The following story is from Doctors Without Borders.

Arunn Jegan is an Australian project coordinator who has worked with Médecins Sans Frontières since 2016. He was with MSF in Cox’s Bazar, Bangladesh, and recently started his mission in Taiz, Yemen.

“I’ve just arrived in Taiz, Yemen, where we support multiple hospitals on both sides of the frontlines. Although I read in the media before coming here how dire the humanitarian situation is, in my first week I really realise how desperate the situation is and how many challenges the population face on a daily basis.

On 24 January 2018, the day of my arrival in Taiz, violence escalated along all the frontlines around Taiz city. The last few days have been extremely heavy. Sadly, this is the daily life of people here.

Over the last three days, we have treated more than 117 war wounded and the number continues to grow as we speak.

As the conflict intensified, the emergency rooms and the operating theatres were over-flowing with wounded people. They received approximately 70 patients on one day. We treated people with bullet, shrapnel and landmine wounds – it was an extremely shocking scene to arrive at. The hospital staff have been working continuously these past few days, some with very little sleep, while they attempt to stabilise the wounded. Some made it and some didn’t; the scenes of despair were difficult to observe. The requests coming from the hospital for blood donations and body bags make me aware of the harsh reality the people of Taiz have lived in for years.

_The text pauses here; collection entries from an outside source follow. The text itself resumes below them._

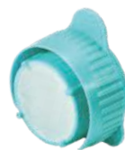
10µm Strainer 25-382 - Teal
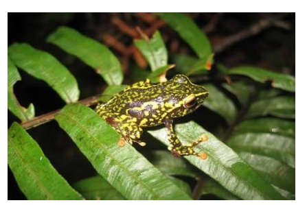
Philautus poecilus Brown & Alcala, 1994 Mindanao lesser fanged frog
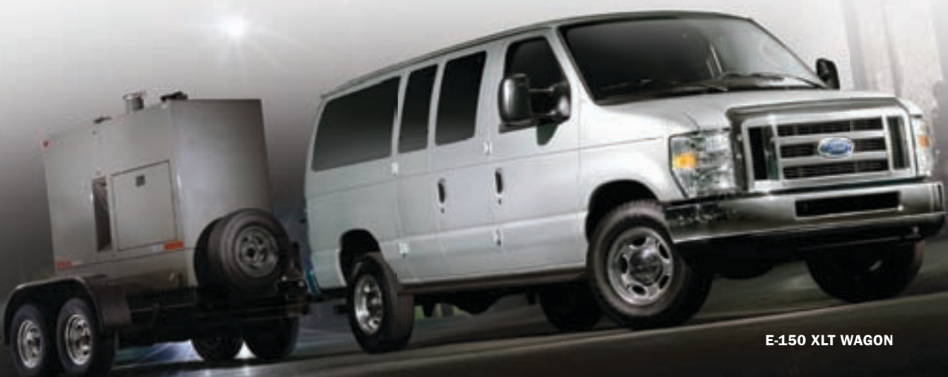
E-150 XLT WAGON
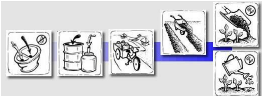
Example of a sanitation chain with a diversion toilet, separate storage for excreta and urine, transport of tanks, composting and re-use of manure and urine.

step 7: Define with the most relevant stakeholders for the selected chain elements the most relevant design parameters that came up from the discussions (related to target groups, age level etc.) and hand these specifications/list of preferences to a design engineer.
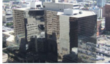
Gulf Canada Sq Calgary, AB, Class A Office, 20 stories, 1.07 million sf
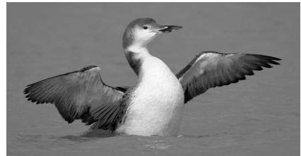
A Common Loon stretches its wings near Kelleys Island on 04 Nov when Tyler McClain was ready to capture the moment.

Sightings were more or less continuous except for a two-week gap in Jan. Birders found between seven and 10 at Lorain (city) harbor on 02 Dec. The inland high count was four, at LaDue between 01 and 05 Dec (m. obs.). (26 counties)
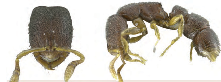
Prionopelta opaca Emery, 1897
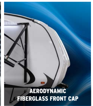
AERODYNAMIC FIBERGLASS FRONT CAP
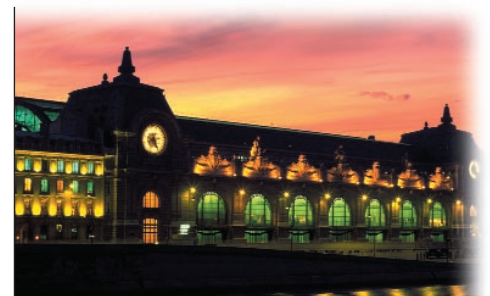
Musée d'Orsay, Paris

A mother of five told us that her youngest son, aged 16, was wounded by shrapnel while playing football. She had to sell her jewellery to pay for the transport, jewellery she was saving for the future of her children, rather than to save her children. Her son eventually made his way to our facility and is in a stable condition.

There has been constant fighting in Yemen since the escalation of the conflict in 2015. Unfortunately, the situation has not much improved since the first bullets were fired three years ago. People in the city are cautious about leaving their houses, but our staff are committed to treating the wounded, and arrive at the office with resolve. I’m proud to be associated with them.

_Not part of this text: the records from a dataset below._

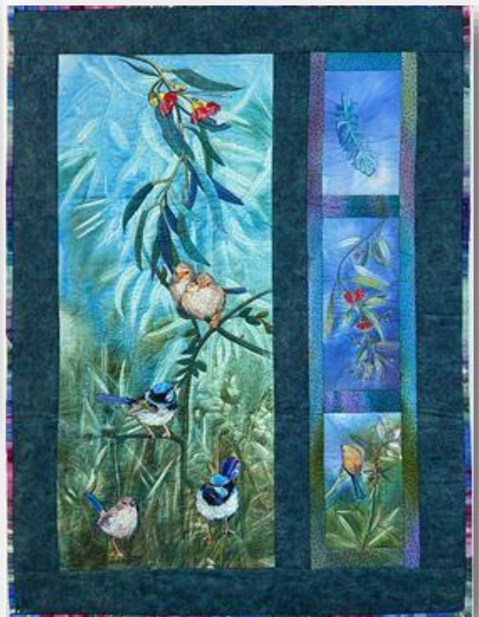
Superb Fairy Wren
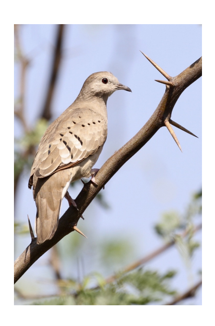
Ruddy Ground-Dove common in Puerto Escondido

very common in Coyoacán and Puerto Escondido
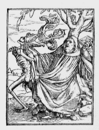
Il'mourra,Car il n'a receu En foy aulcune difcipline, Et au nombre fera deceu De folie qui le domine.

I hear the continuous sounds of gunfire and shelling from the frontlines, which are very close to our medical facilities. That places extra pressure on the staff, both mentally and physically. On an average day this week, we hear around five explosions per minute.

Hakim, one our staff members, told his children to stay inside and not leave the house. But his daughter asked him: “Then where do you go every day?” It’s stories like this that give you a glimpse of the daily challenges and the urgency of this situation.

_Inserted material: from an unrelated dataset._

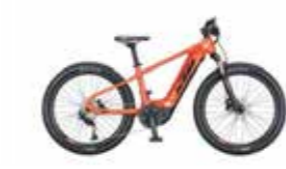
MACINA MINI ME 241 PT-A+4I2 ALIVIO 1*9
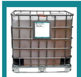
270-gallon tote SKU: E860-270G UPC-12: 641238081883

I am worried about the increased medical needs and the security of all medical staff and facilities. MSF continuously calls on all parties to respect the work we do by keeping medical facilities safe and granting access to all those who need medical care. In addition, the impartial and neutral mandate of MSF and that our medical services are open to all wounded regardless of their affiliation. At the same time, I hope that other humanitarian actors acknowledge the needs – in Taiz specifically and Yemen in general – and start increasing humanitarian aid in these areas. At present, Taiz is one of the most intense conflict zones in the country and the humanitarian needs are extremely high.

MSF remains one of the few medical organisations in the Taiz. For MSF, the conflict and the great humanitarian medical needs are the main reasons for being present in the country. MSF remains committed to working in Yemen and supporting the population in need.

MSF has been working in Taiz on both sides of the frontlines for two years. The current fighting made us realise, once again, how important it is to be present in this specific location.